Prosecutor fires chief deputy

BY BRIAN KELLY AND GAYLE SARAN

South Whidbey Record

Island County Prosecuting Attorney Greg Banks fired Chief Criminal Deputy Prosecutor Steve Selby Monday morning.

The dismissal came on the heels of Selby's Friday announcement that he would run against Banks for county prosecutor in the fall election.

"Regrettably, I have had to terminate my chief criminal deputy's employment with this office," Banks said in a statement released to the media Monday morning.

"The partnership between an elected prosecutor and his chief deputy must be built on trust and loyalty. Without that foundation they cannot work together effectively," Banks said.

Selby, a Republican, announced his candidacy for the prosecutor's job on April 14.

Banks, a Democrat, said last week he would seek another term.

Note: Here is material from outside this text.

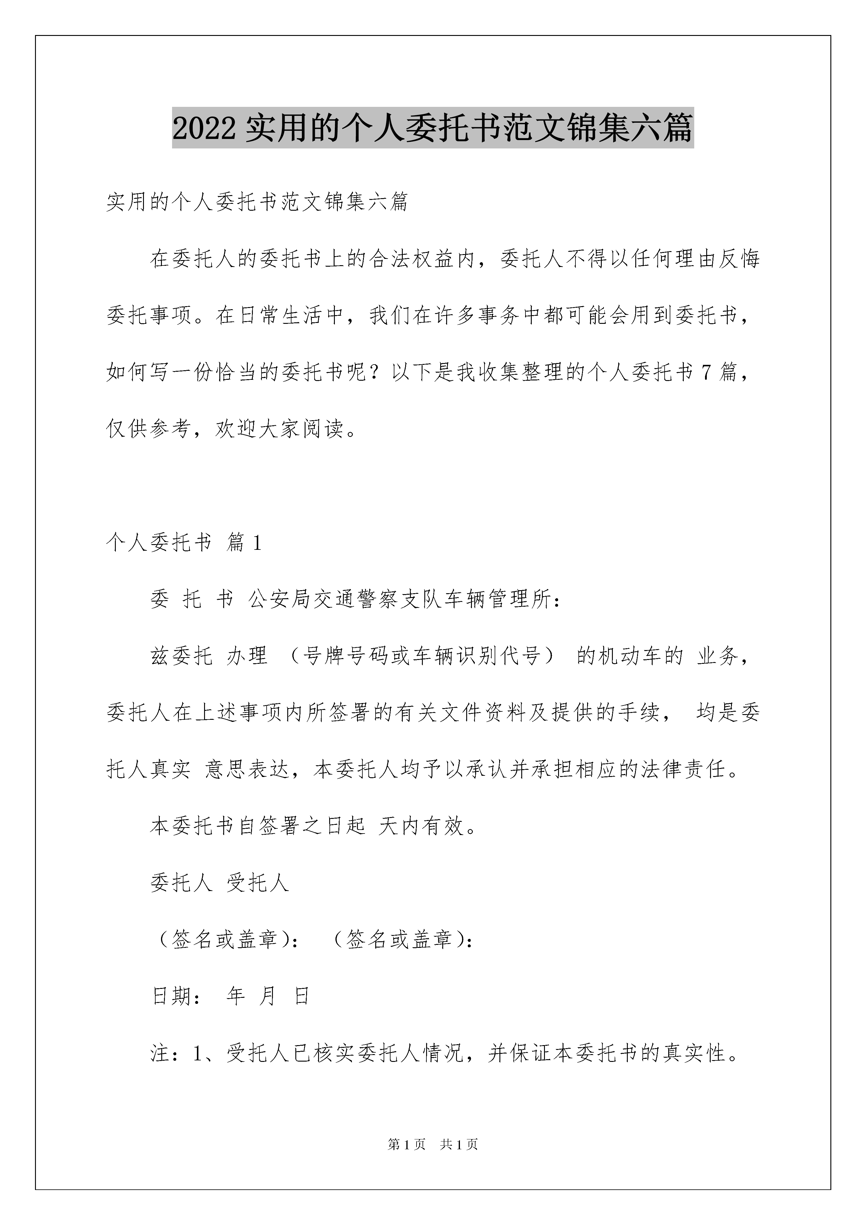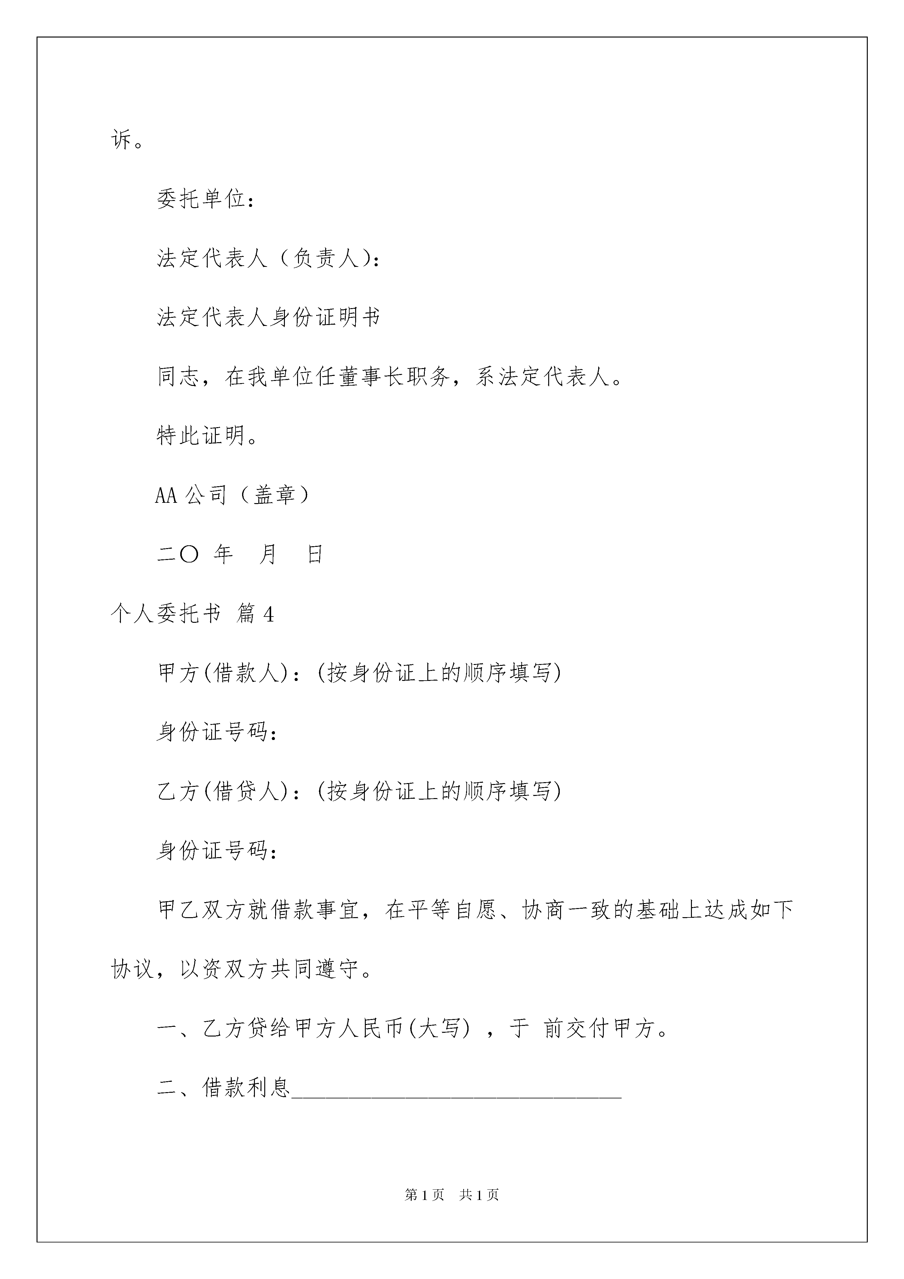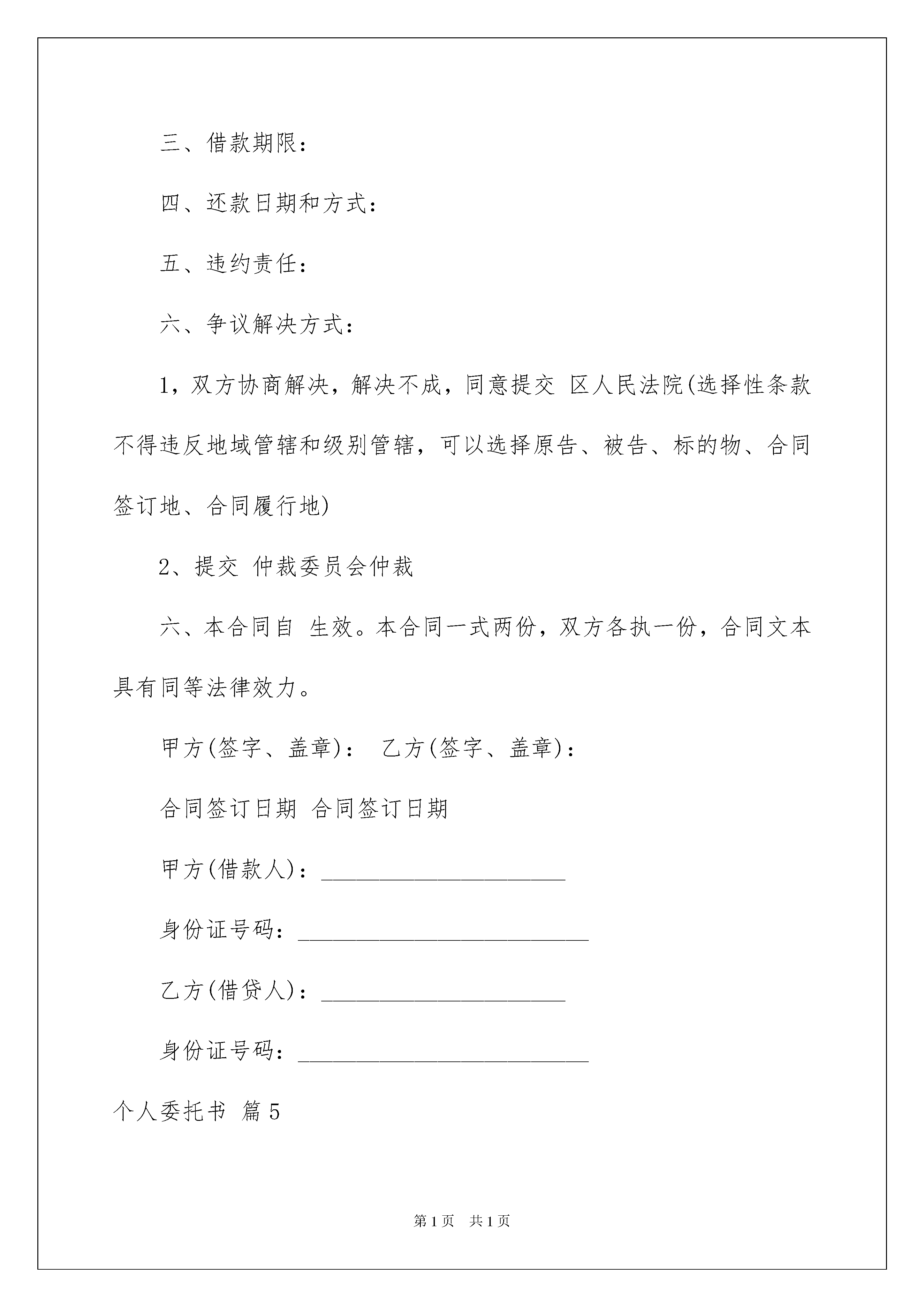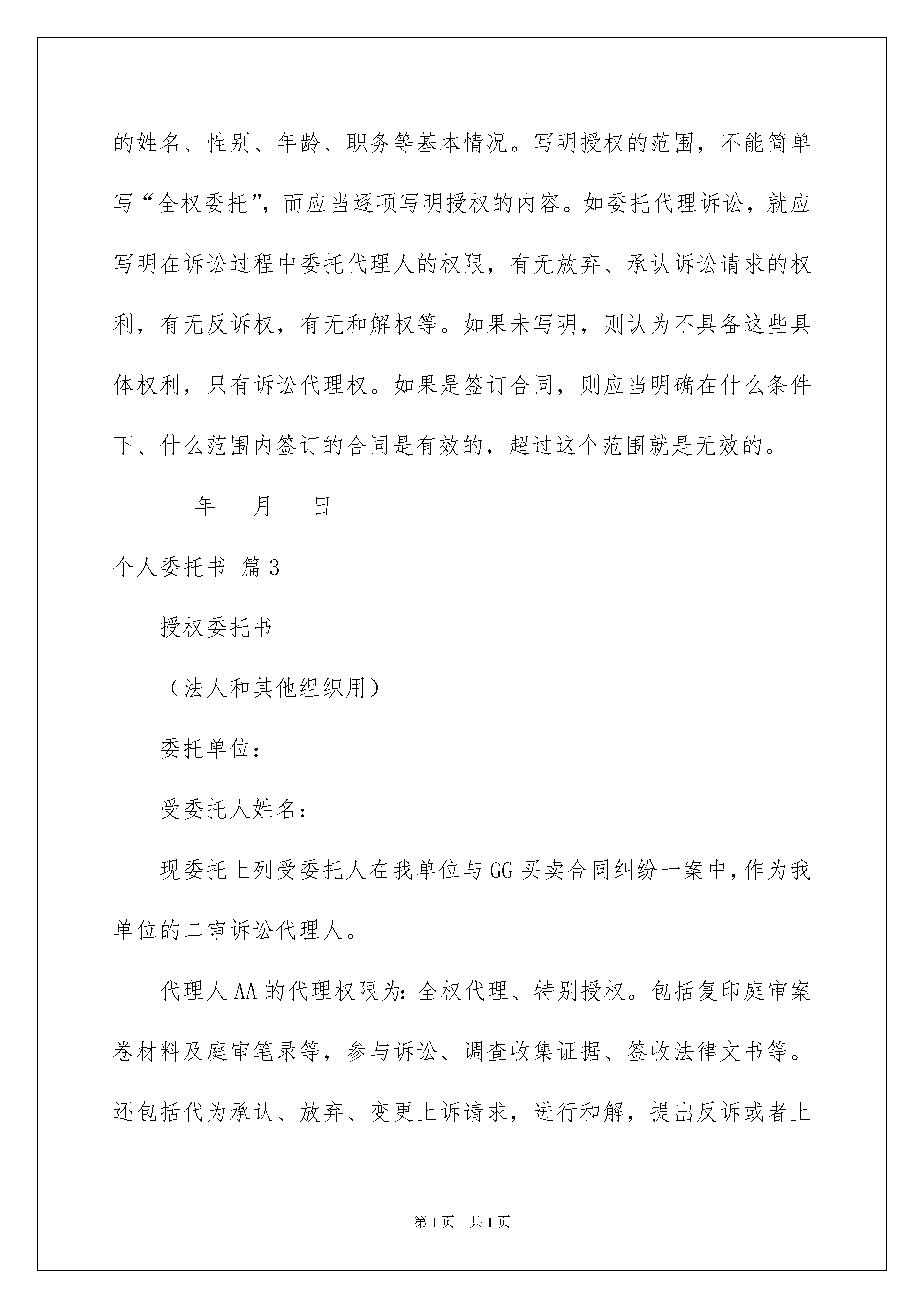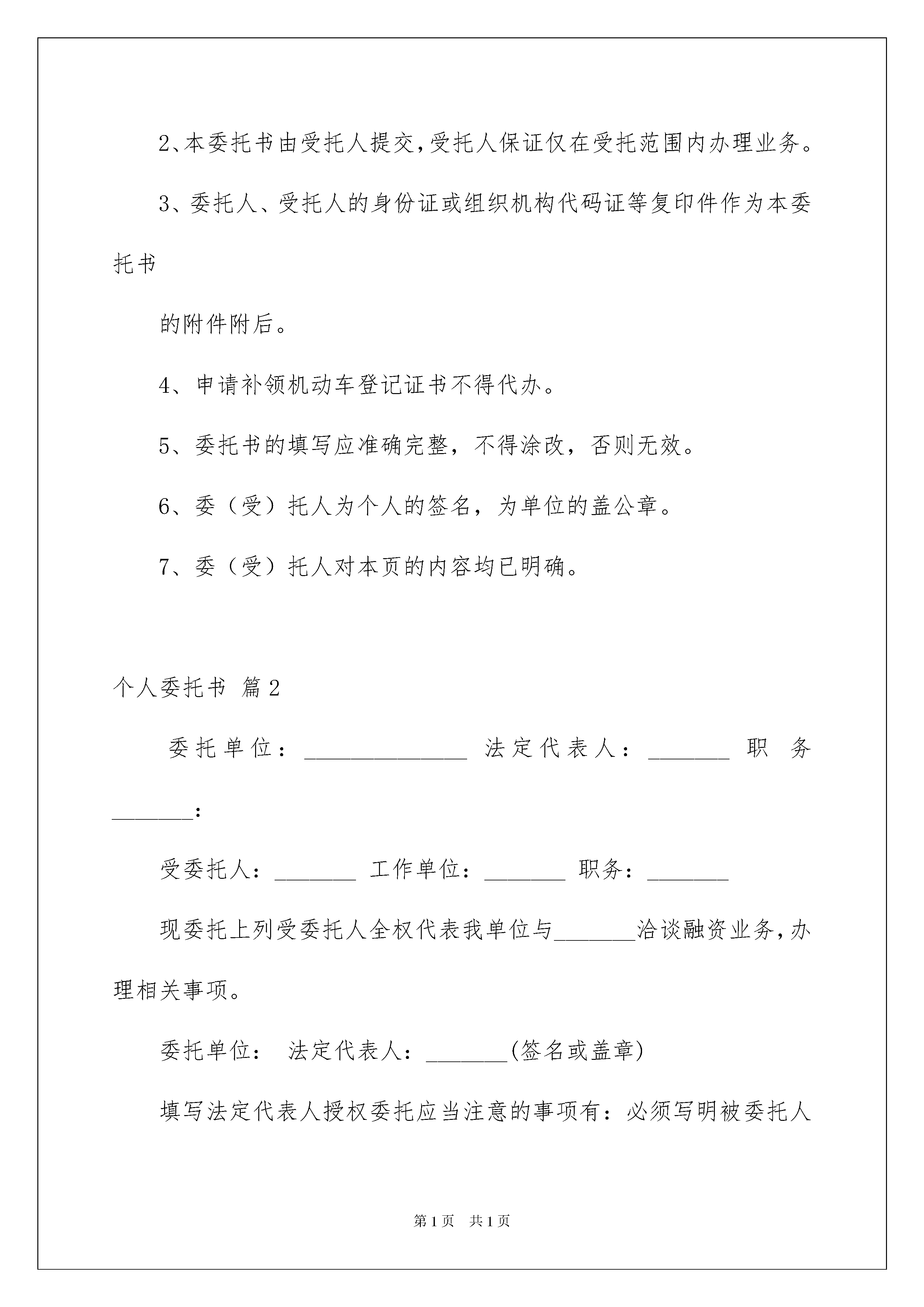 2022实用的个人委托书范文锦集六篇实用的个人委托书范文锦集六篇在委托人的委托书上的合法权益内,委托人不得以任何理由反悔委托事项。在日常生活中,我们在许多事务中都可能会用到委托书,如何写一份恰当的委托书呢?以下是我收集整理的个人委托书7篇,仅供参考,欢迎大家阅读。个人委托书篇1委托书公安局交通警察支队车辆管理所:兹委托办理(号牌号码或车辆识别代号)的机动车的业务,委托人在上述事项内所签署的有关文件资料及提供的手续,均是委托人真实意思表达,本委托人均予以承认并承担相应的法律责任。本委托书自签署之日起天内有效。委托人受托人(签名或盖章):(签名或盖章):日期:年月日注:1、受托人已核实委托人情况,并保证本委托书的真实性。2、本委托书由受托人提交,受托人保证仅在受托范围内办理业务。3、委托人、受托人的身份证或组织机构代码证等复印件作为本委托书的附件附后。4、申请补领机动车登记证书不得代办。5、委托书的填写应准确完整,不得涂改,否则无效。6、委(受)托人为个人的签名,为单位的盖公章。7、委(受)托人对本页的内容均已明确。个人委托书篇2委托单位:______________法定代表人:_______职务_______:受委托人:_______工作单位:_______职务:_______现委托上列受委托人全权代表我单位与_______洽谈融资业务,办理相关事项。委托单位:法定代表人:_______(签名或盖章)填写法定代表人授权委托应当注意的事项有:必须写明被委托人的姓名、性别、年龄、职务等基本情况。写明授权的范围,不能简单写“全权委托”,而应当逐项写明授权的内容。如委托代理诉讼,就应写明在诉讼过程中委托代理人的权限,有无放弃、承认诉讼请求的权利,有无反诉权,有无和解权等。如果未写明,则认为不具备这些具体权利,只有诉讼代理权。如果是签订合同,则应当明确在什么条件下、什么范围内签订的合同是有效的,超过这个范围就是无效的。___年___月___日个人委托书篇3授权委托书(法人和其他组织用)委托单位:受委托人姓名:现委托上列受委托人在我单位与GG买卖合同纠纷一案中,作为我单位的二审诉讼代理人。代理人AA的代理权限为:全权代理、特别授权。包括复印庭审案卷材料及庭审笔录等,参与诉讼、调查收集证据、签收法律文书等。还包括代为承认、放弃、变更上诉请求,进行和解,提出反诉或者上诉。委托单位:法定代表人(负责人):法定代表人身份证明书同志,在我单位任董事长职务,系法定代表人。特此证明。AA公司(盖章)二〇年月日个人委托书篇4甲方(借款人):(按身份证上的顺序填写)身份证号码:乙方(借贷人):(按身份证上的顺序填写)身份证号码:甲乙双方就借款事宜,在平等自愿、协商一致的基础上达成如下协议,以资双方共同遵守。一、乙方贷给甲方人民币(大写),于前交付甲方。二、借款利息_____________________________三、借款期限:四、还款日期和方式:五、违约责任:六、争议解决方式:1,双方协商解决,解决不成,同意提交区人民法院(选择性条款不得违反地域管辖和级别管辖,可以选择原告、被告、标的物、合同签订地、合同履行地)2、提交仲裁委员会仲裁六、本合同自生效。本合同一式两份,双方各执一份,合同文本具有同等法律效力。甲方(签字、盖章):乙方(签字、盖章):合同签订日期合同签订日期甲方(借款人):_____________________身份证号码:_________________________乙方(借贷人):_____________________身份证号码:_________________________个人委托书篇5委托人:身份证号码/营业执照号码:住址:法定代表人:电话:受委托人:企业法人营业执照号码:住址:电话:现委托上列受委托人在我/我单位与融资借贷一事中,作为我/我单位的代理人。委托事项及代理人的代理权限为:1.为委托人提供与融资借贷相关的咨询、媒介服务;2.参与融资借贷双方当事人的沟通、协商,争取促成交易;3.代为接收、审查借款人的借款所需身份证明文件;4.代为接收、查询及审核有关借款人还款能力的相关证明文件;5.代为开展借款人的.资信调查;6.代为办理与融资借贷相关的公证、律师见证手续;7.代为办理与融资借贷相关的其他合法事宜。委托期限至上述委托事项办理完毕之日止。受委托人有转委托权。受委托人在代理权限内所从事的一切代理行为及所签署的一切文件,本人均予以承认并承担由此产生的一切法律后果。委托人(签字或盖章):年月日个人委托书篇6兹委托xxx,男,身份证号码为123456789,办理

Selby, 54, has been the county’s chief criminal deputy prosecutor since 1998.

Last week, he harshly criticized Banks as a "micro-manager," and also blamed Banks for high employee turnover in the prosecutor's office and for soured relations with local law enforcement officials and with the attorneys and staff in the prosecutor's office.

Selby's dismissal was not completely unexpected. There was talk Monday around the county campus in Coupeville among county employees that he may be fired.

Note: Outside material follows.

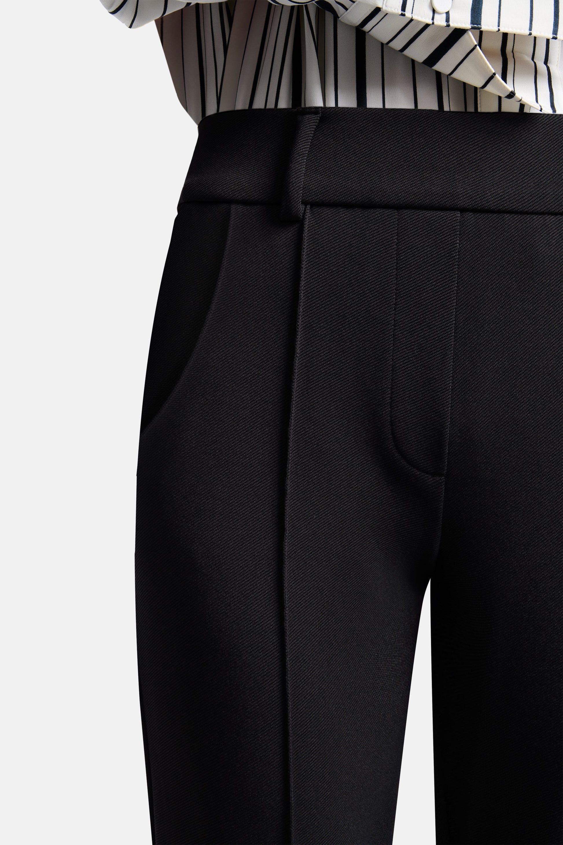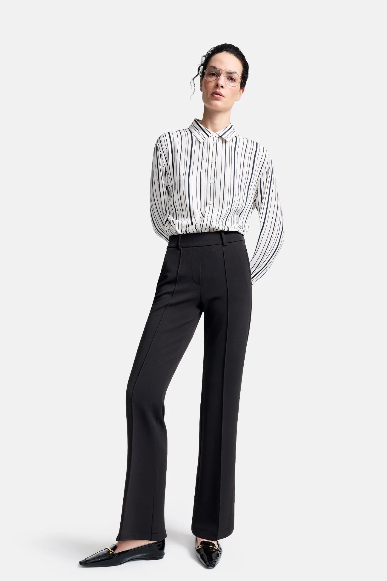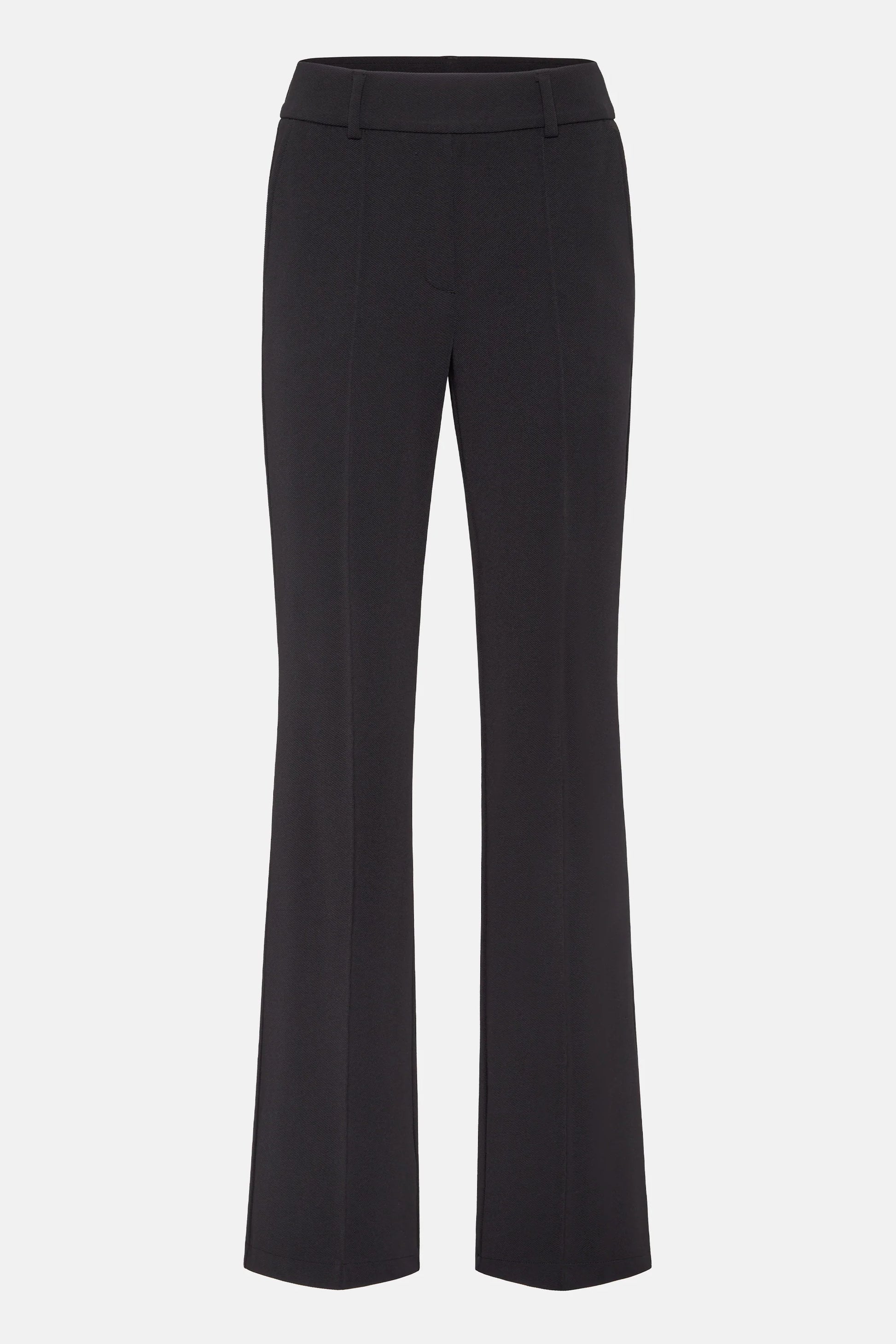 Flared trousers in Full Length. The trousers in Diagonal Structure Italian Techno Stretch fabric offer the perfect base for elegant, classy looks. Available in the color: Black.

Selby himself raised the possibility when announcing his candidacy last week.

"I realize I could be fired for taking this step, but it's time to bring about change," Selby said on Friday.

Banks said Selby had 14 pending cases. Those cases will now be assigned to Banks and other deputies in the prosecutor's office.

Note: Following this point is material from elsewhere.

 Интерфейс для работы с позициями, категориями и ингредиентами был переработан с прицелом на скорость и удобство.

"Mr. Selby's abrupt actions have disrupted the office," Banks said. "In an office this size, we can only succeed in our mission if all oars are pulling in the same direction. It is necessary now to heal any rifts he created and restore the public's confidence. Fortunately, I know I have a dedicated staff that can do so, regardless of whom they support in the election."

Selby is a career prosecutor with over 25 years of experience.

From 1981 to 1985, he served as a lieutenant in the Navy's Judge Advocate General’s Corps. His last duty station was Naval Air Station Whidbey Island as a prosecutor with the Naval Legal Service Office.

After he completed his military service, Selby first served as assistant city attorney in Longview, Wash., then moved to California to be closer to his aging parents.

Selby ran a branch office of the Riverside County district attorney, supervising family support officers, attorneys and staff, as well as carrying a full caseload that included cases from the immediate community and crimes committed at Chuckawalla Valley State Prison.

Selby next served as assistant district attorney of Tehama County, Calif.